Mas era aquele som que me alimentava; o som que me fortalecia.

Eu era um homem apaixonado por uma deusa; a carne que lutava com o espirito.

Meus olhos não sabiam o que enxergar. Era confuso, não tinha explicação. Por um momento, eu era seu filho, que desejava se deitar nos braços de sua mãe celestial; em outro, ela era minha mulher e eu era seu homem, e meus desejos transbordavam minha alma sem ter onde conte-los.

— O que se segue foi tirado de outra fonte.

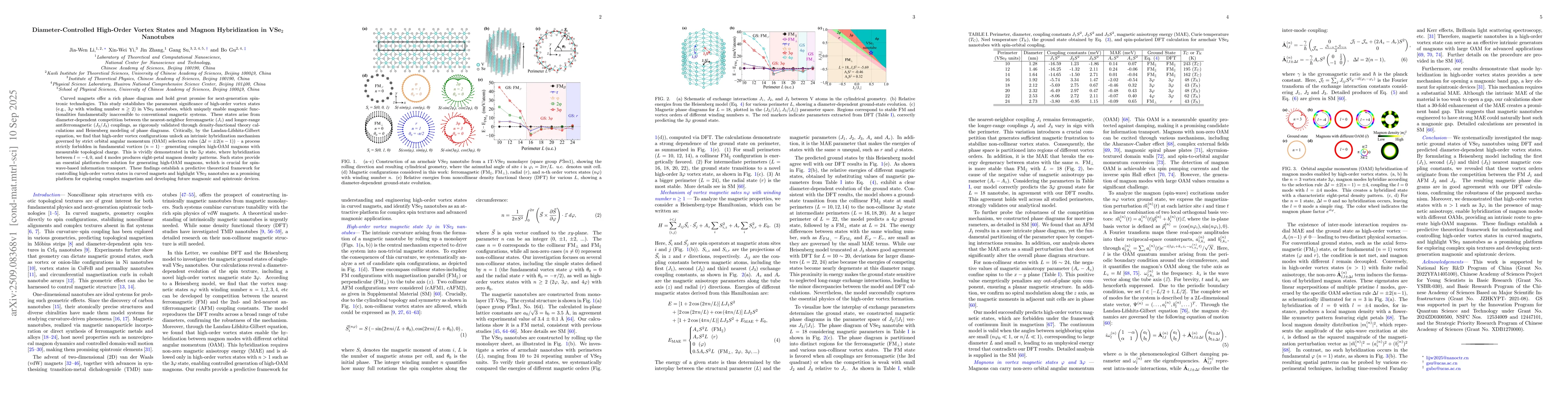 Curved magnets offer a rich phase diagram and hold great promise for next-generation spintronic technologies. This study establishes the paramount significance of high-order vortex states (e.g., 3$\varphi$ with winding number $n$ > 1) in VSe2 nanotubes, which uniquely enable magnonic functionalities fundamentally inaccessible to conventional magnetic systems. These states arise from diameter-dependent competition between the nearest-neighbor ferromagnetic ($J_1$) and longer-range antiferromagnetic ($J_2$/$J_3$) couplings, as rigorously validated through density-functional theory calculations and Heisenberg modeling of phase diagrams. Critically, by the Landau-Lifshitz-Gilbert equation, we find that high-order vortex configurations unlock an intrinsic hybridization mechanism governed by strict orbital angular momentum (OAM) selection rules ($\Delta l = \pm 2(n-1)$) -- a process strictly forbidden in fundamental vortices ($n$ = 1) -- generating complex high-OAM magnons with measurable topological charge. This is vividly demonstrated in the 3$\varphi$ state, where hybridization between $l$ = -4, 0 and 4 modes produces eight-petal magnon density patterns. Such states provide an essential platform-free solution for generating high-OAM magnons, wchich is crucial for spin-wave-based information transport. These findings establish a predictive theoretical framework for controlling high-order vortex states in curved magnets and highlight VSe2 nanotubes as a promising platform for exploring complex magnetism and developing future magnonic and spintronic devices.

Com um sorriso, a deusa das aguas doces e claras da floresta, me chamou para junto dela. Eu não podia acreditar naquele momento especial nunca ocorrido andes. Sem ainda ter forças, fui conduzido por entre as aguas do rio em sua direção, apenas com a magia de seu canto transcendente. Eu não tinha escolha alem de me deixar conduzir. Cada passo entre a agua era uma distancia a menos de meu sonho irreal.

Com um simples movimento, ela tirou de seu pescoço um colar de pérolas genuínas que brilhavam como estrelas. Com outro movimento, ela colocou o adorno agora em meu pescoço, sorrindo amavelmente para mim. Seus olhos fitavam os meus com doçura e paixão e sem dizer uma só palavras, segurou meu queixo e tocou meus lábios com os seus.

Numa reação natural e sem esforço, fechei meus olhos sentindo cada movimento de seus lábios naquele beijo arrebatador. Eu podia sentir o sabor de um mel ainda mais viciante do que seu canto, que me afogava em diversos pensamentos sem sentido. E num só minuto, meus olhos se abriram e já não encontrava mais nada.

A natureza se movimentava e tudo parecia natural, sem nenhum toque divino da deusa de meus delírios íntimos. Eu não podia acreditar que tinha acabado.

Para onde ela foi?

Será que estive em uma visão? Era apenas uma miragem?

As respostas não existiam. Eu apenas não podia viver sem a minha paixão, sem aquele amor.

Minha decepção era visível e minha ira fervia dentro de mim.

E quando eu já estava partindo infeliz, percebi algo diferente em mim: em volta de meu pescoço, um adorno pousava em meu peito.

Era um colar de pérolas genuínas, que brilhavam como estrelas.